Connectivity conditions and boundary Poincar\'e inequalities

TL;DR

This paper explores the relationships between geometric conditions of open sets with regular boundaries and boundary inequalities, establishing new implications and providing counterexamples in the context of harmonic analysis and geometric measure theory.

Contribution

It proves that certain geometric conditions imply the Harnack chain condition and that 2-sided chord-arc domains support weak boundary Poincaré inequalities, also providing a counterexample.

Findings

Local John and exterior corkscrew conditions imply Harnack chain condition.

2-sided chord-arc domains support weak boundary Poincaré inequalities.
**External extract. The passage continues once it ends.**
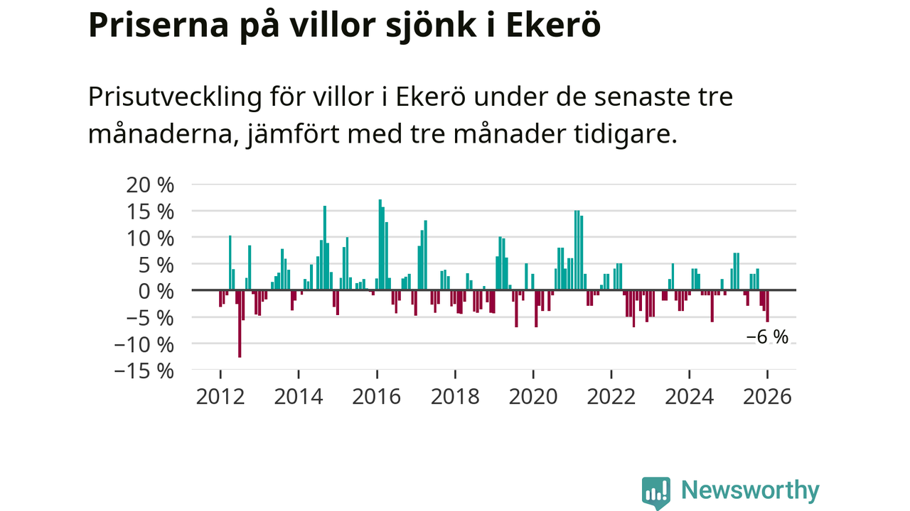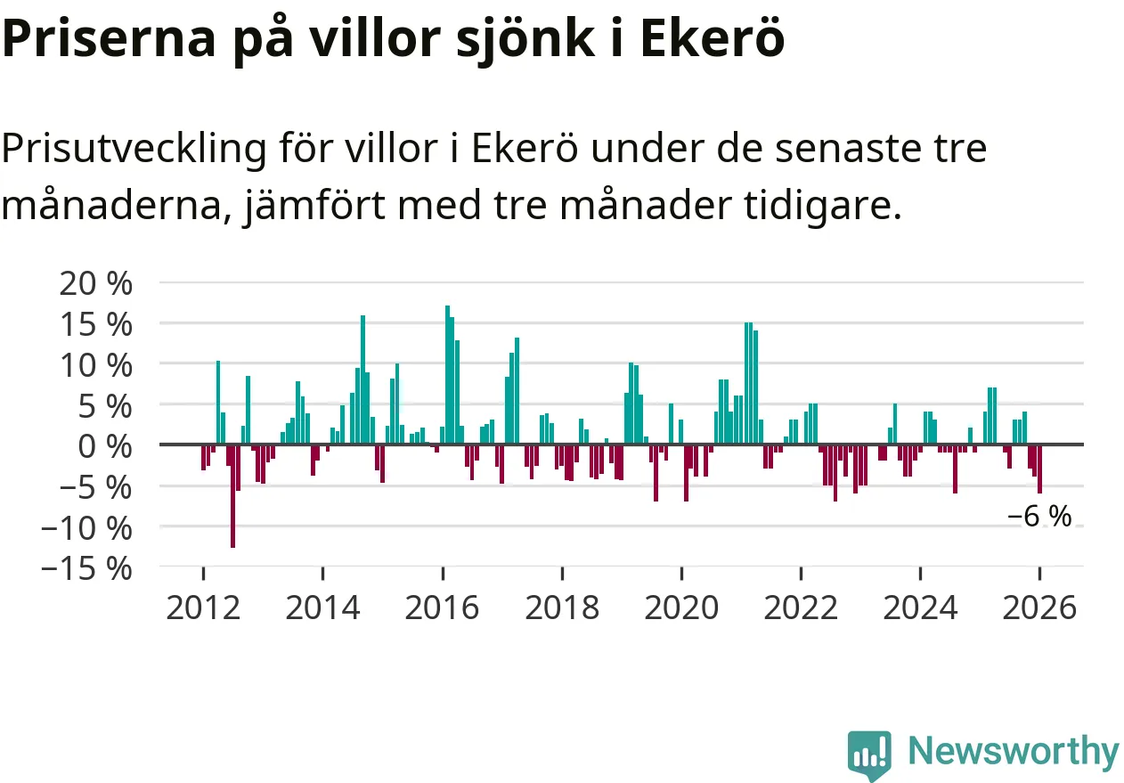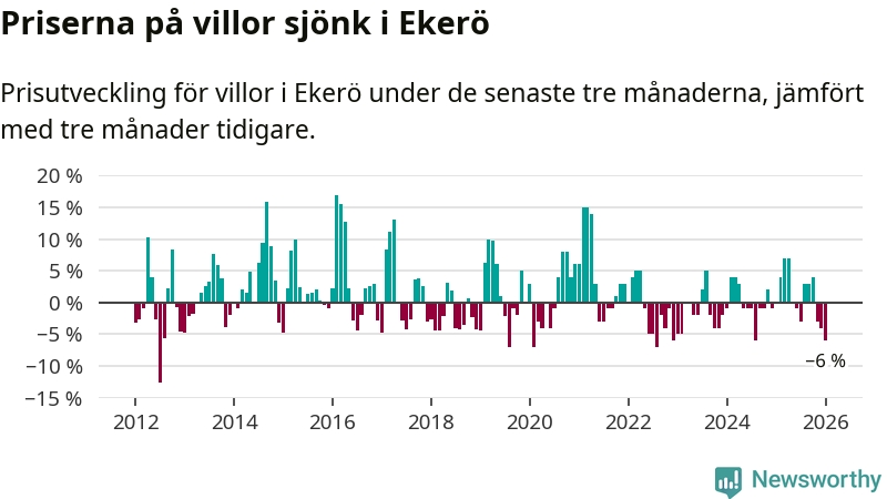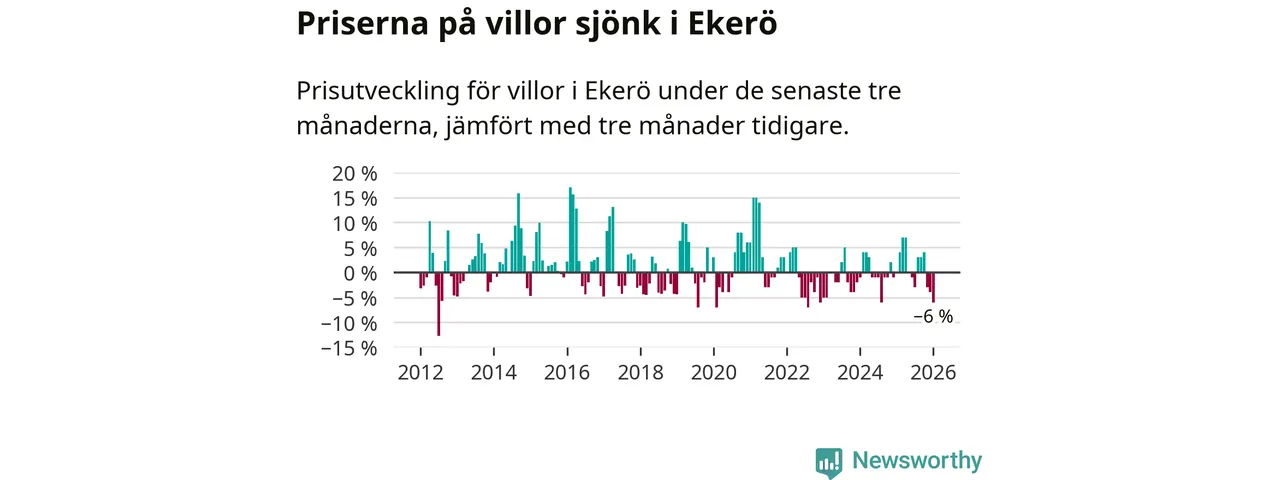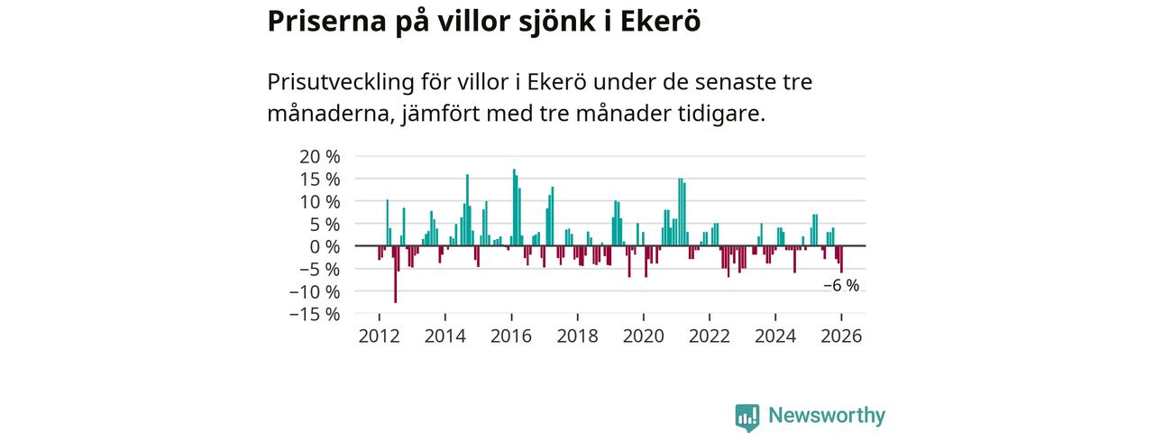 Villapriserna har gått ner i Ekerö kommun. Medelpriset på försäljningarna under de senaste tre månaderna visar på en nedgång med 6 procent.

Counterexample of a set with boundary Poincaré inequality but not a chord-arc domain.

Abstract

Inspired by recent work of Mourgoglou and the second named author, and earlier work of Hofmann, Mitrea and Taylor, we consider connections between the local John condition, the Harnack chain condition and weak boundary Poincar\'e inequalities in open sets $\Omega \subset \mathbb{R}^{n+1}$, with codimension $1$ Ahlfors--David regular boundaries. First, we prove that if $\Omega$ satisfies both the local John condition and the exterior corkscrew condition, then $\Omega$ also satisfies the Harnack chain condition (and hence, is a chord-arc domain). Second, we show that if $\Omega$ is a $2$-sided chord-arc domain, then the boundary $\partial \Omega$ supports a Heinonen--Koskela type weak $1$-Poincar\'e inequality. We also construct an example of a set $\Omega \subset \mathbb{R}^{n+1}$ such that the boundary $\partial \Omega$ is Ahlfors--David regular and supports a weak boundary $1$-Poincar\'e inequality but $\Omega$ is not a chord-arc domain. Our proofs utilize significant advances in particularly harmonic measure, uniform rectifiability and metric Poincar\'e theories.